Polls tell you the likely outcome with some uncertainty and some sources of (both known and unknown) error. Statistical models take a bunch of factors and run lots of simulations of elections by varying those outcomes according to what we know (such as other polls, structural factors like the economy, what we know about turnout, demographics, etc.) and what we can reasonably infer about the range of uncertainty (given historical precedents and our logical models). These models then produce probability distributions…
Refusing to run statistical models simply because they produce probability distributions rather than absolute certainty is irresponsible. For many important issues (climate change!), statistical models are all we have and all we can have.
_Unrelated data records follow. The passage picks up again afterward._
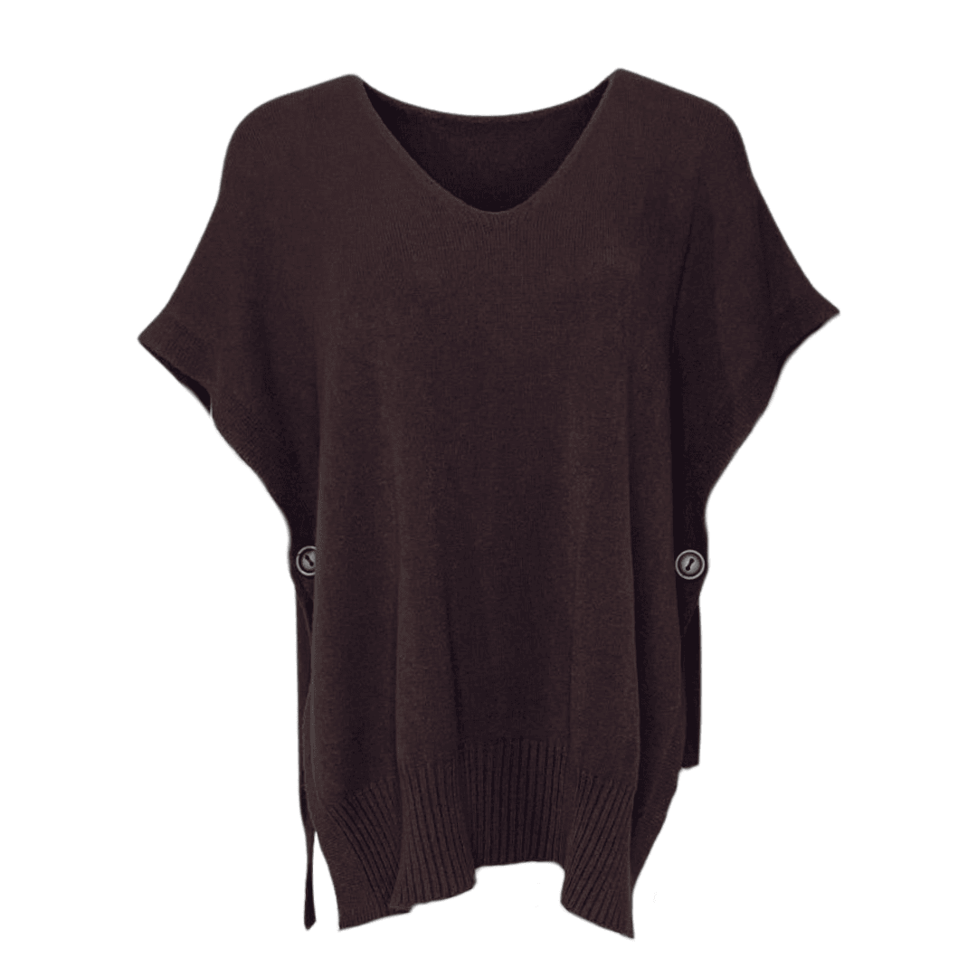 Stay comfortable and stylish in this super soft, stretchy rich brown poncho, featuring a flattering V-neck and short sleeves. Side button closures allow you to wear it open and loose or slightly structured for added shape. An easy layering piece with a relaxed, versatile fit—perfect for any season.
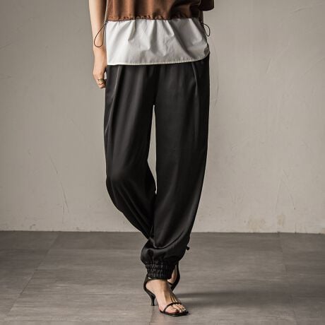 とろみのあるサテン素材が、裾絞りのラフなフォルムに品を添えます。
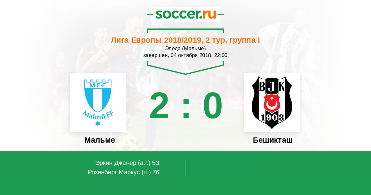 Протокол матча Мальме против Бешикташ
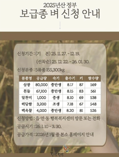 [ÃæÃ»±Ç] ´çÁø½Ã, 2026³â º³ó»ç ´ëºñ Á¤ºÎ º¸±ÞÁ¾ º ½Åû Á¢¼ö |2025. 12.05
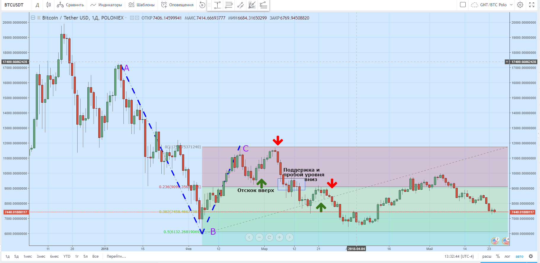 На графике заметно, как цена несколько раз отталкивалась от области у отметки 50%, которая некоторое время прослужила поддержкой. Затем этот уровень во второй половине января 2018 года был все же пробит, а медведи столкнулись с новым препятствием в районе 61,8% шкалы Фибоначчи. Последний также спустя некоторое время был пробит, превратившись в уровень сопротивления.
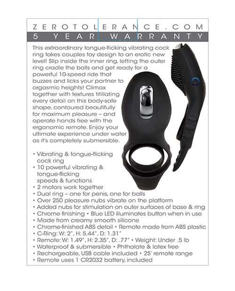 Trinity Men 7X Rechargeable Silicone Cock Ring with Taint Stimulator and Remote Control - Black
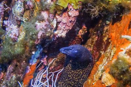 Il s’agit d’une très belle plongée, à l’ouest de l’île de Porquerolles où l’on se promène entre les roches qui se dressent et les failles d’un relief animé entre une quinzaine et une trentaine de mètres. La densité de poissons et la richesse en gorgones en font une plongée très photogénique. On rencontre des mérous, des murènes, des langoustes, des gobies et toutes sortes de poissons colorés. Il est fréquent d’apercevoir un banc de barracudas.
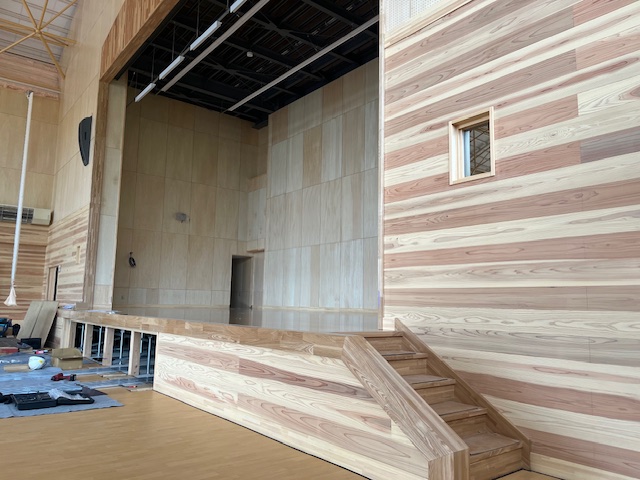 体育館のステージ框や階段には、肌触りが滑らかで強度に優れたタモ集成材が使用されています。
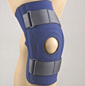 SAFE-T-SPORT Neoprene Patella Stabilizing Knee Support w/ Removable Horseshoe. Sold by each. Available in x-small thru xxx-large sizes.. . USE:. Chondromalacia Patella, Patellar Instability Infra and Subpatellar Bursitis Patellar/Pain Syndrome Lateral Tracking Patella Patellar Subluxation Osgood-Schlatter Disease Patellar Tendonitis. This stabilizer comes with a removable horseshoe that can be adjusted superiorly inferiorly medially or laterally depending on the stability needs of the knee. The horseshoe provides increased pressure around the patella for patellar tracking problems. Medial/lateral stability is provided by the spiral stays.. . SIZING:. Measure thigh circumference 4 above the center of the kneecap.. XSmall 12 - 13. Small 14 - 15. Medium 16 - 17. Large 18 - 19. XLarge 20 - 21. XXLarge 22 - 23. XXXLarge 24 - 25. . FEATURES:. **Four-way stretch for proper fit and comfort. **Sports neoprene for therapeutic warmth. **Adjustable support straps . **Horseshoe support spiral stays. **Easy slip-on style. . HOW TO APPLY:. Horseshoe should be placed where support is needed. Insert foot into knee support and slide up over the knee. For proper fit the top of the support should be positioned approximately four inches above the center of the knee. Adjust the support straps so it fits comfortably around the knee without inhibiting circulation. Secure with the easy loop lock closure.. . CARE INSTRUCTIONS: . Hand wash in cold water with mild soap before wearing. Wrap in towel to remove excess water (do not twist or wring). Air dry away from heat. Do not tumble dry. Do not bleach.. . SKUs: 37-1031SNVY 37-103SMNVY 37-103MDNVY 37-103LGNVY 37-1031LNVY 37-1032LNVY 37-1033LNVY. Color may not be as shown
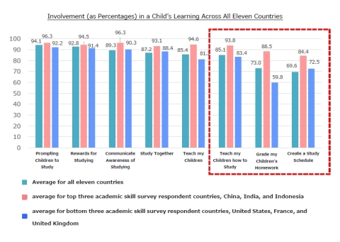 当我们针对家长或监护人参与孩子学习的意识进行调查时,所有11个国家的家长和监护人都极力参与,包括鼓励孩子学习和奖励孩子学习的参与率平均超过90%。然而,当涉及到家长或监护人教自己的孩子、给孩子批改家庭作业或为孩子制定学习计划时,我们确实看到了亚洲、欧洲和美国的地区差异。学业技能调查应答率较高国家的家长和监护人更积极地参与孩子学习的细节,包括独立制定孩子的学习时间表和给孩子批改家庭作业,而不是留给孩子来做。
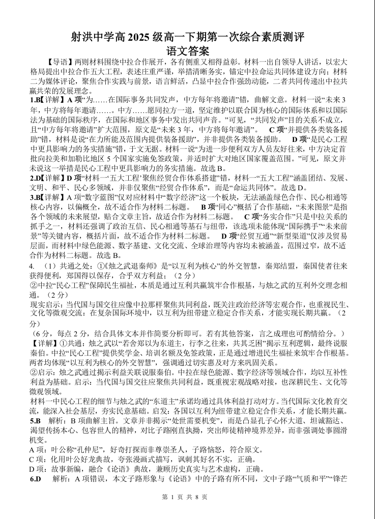 遂宁市射洪中学2025-2026学年高一下学期第一次综合素质测评 语文答案.docx
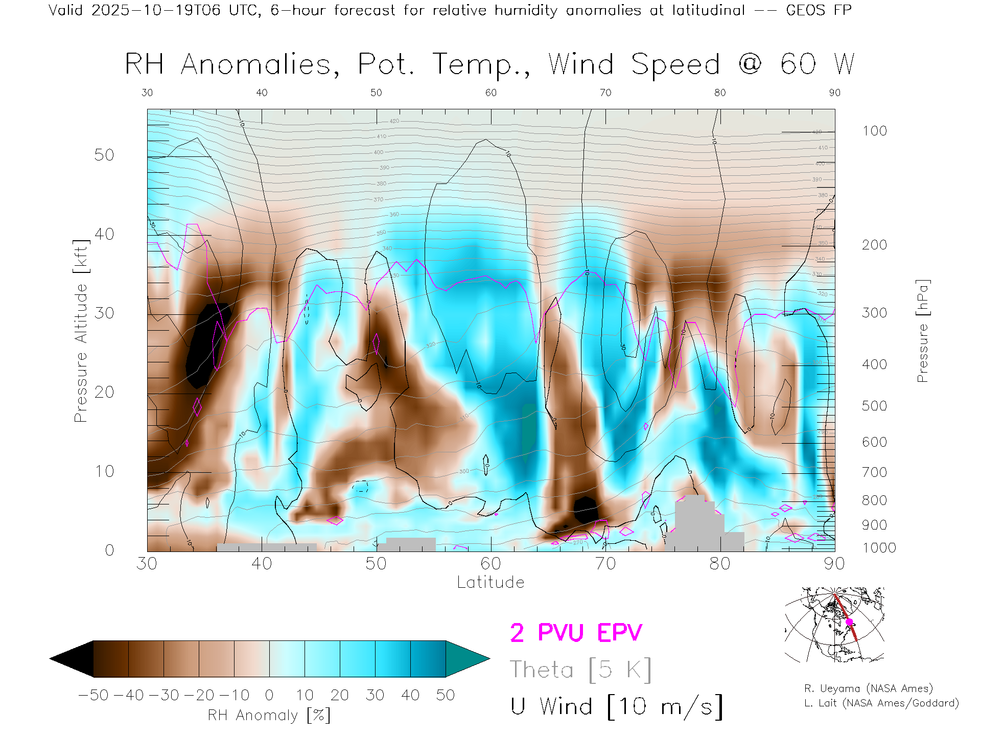 GEOS Forecast Rel. Hum. X-Section (60 W)
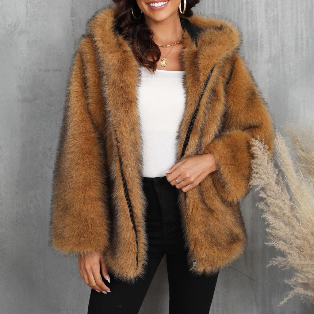 Women's Fashion Comfortable Hooded Faux Short Coat Top Plush Warm Coat
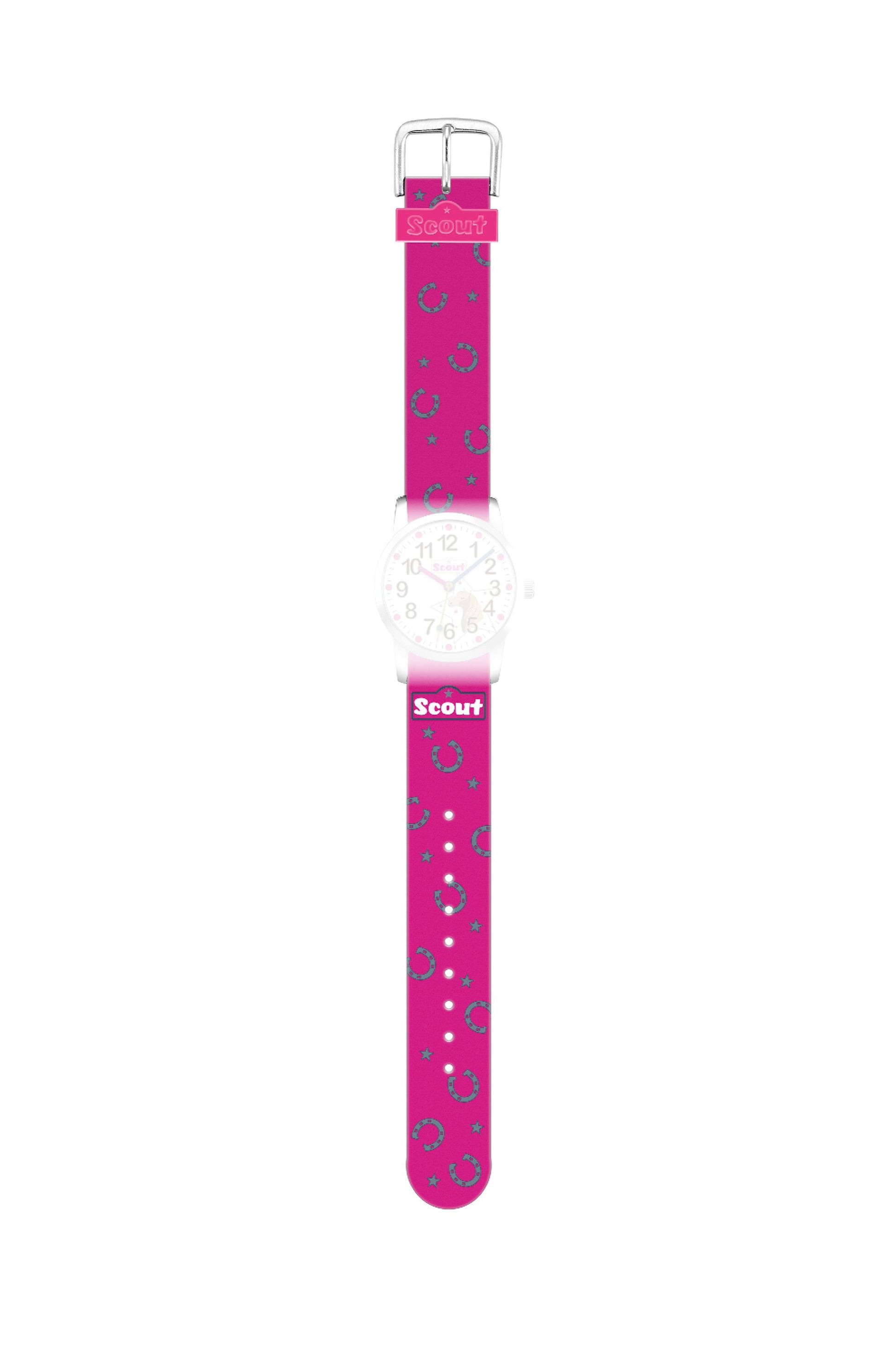 Scout Kunstlederband pink Serie Up! Motiv Hufeisen. Das Uhrband aus anschmiegsamen Kunstleder ist sehr robustund mit einer leichten Aluminiumschließe versehen.

We still need to take them seriously and act on them (well, if you care about life on Earth as we know it, blah, blah, blah).
A key point here: statistical models have uncertainty (we are making inferences about larger populations or systems from samples that we can collect) but that doesn’t necessarily mean they are flawed.
A second key point: because of what I stated above, we should expect that some statistical predictions will be wrong. But this is how science works: you tweak models, take in more information, perhaps change your data collection, perhaps use different methods of analysis, and hope to get better. While it may not be exciting, confirming what we don’t know does help us get to an outcome.
I’ve become more convinced in recent years that one of the reasons polls are not used effectively in reporting is that many in the media don’t know exactly how they work. Journalists need to be trained in how to read, interpret, and report on data. This could also be a time issue; how much time to those in the media have to pore over the details of research findings or do they simply have to scan for new findings? Scientists can pump out study after study but part of the dissemination of this information to the public requires a media who understands how scientific research and the scientific process work. This includes understanding how models are consistently refined, collecting the right data to answer the questions we want to answer, and looking at the accumulated scientific research rather than just grabbing the latest attention-getting finding.
An alternative to this idea about media statistical illiteracy is presented in the article: perhaps the media perhaps knows how polls work but likes a political horse race. This may also be true but there is a lot of reporting on statistics on data outside of political elections that also needs work.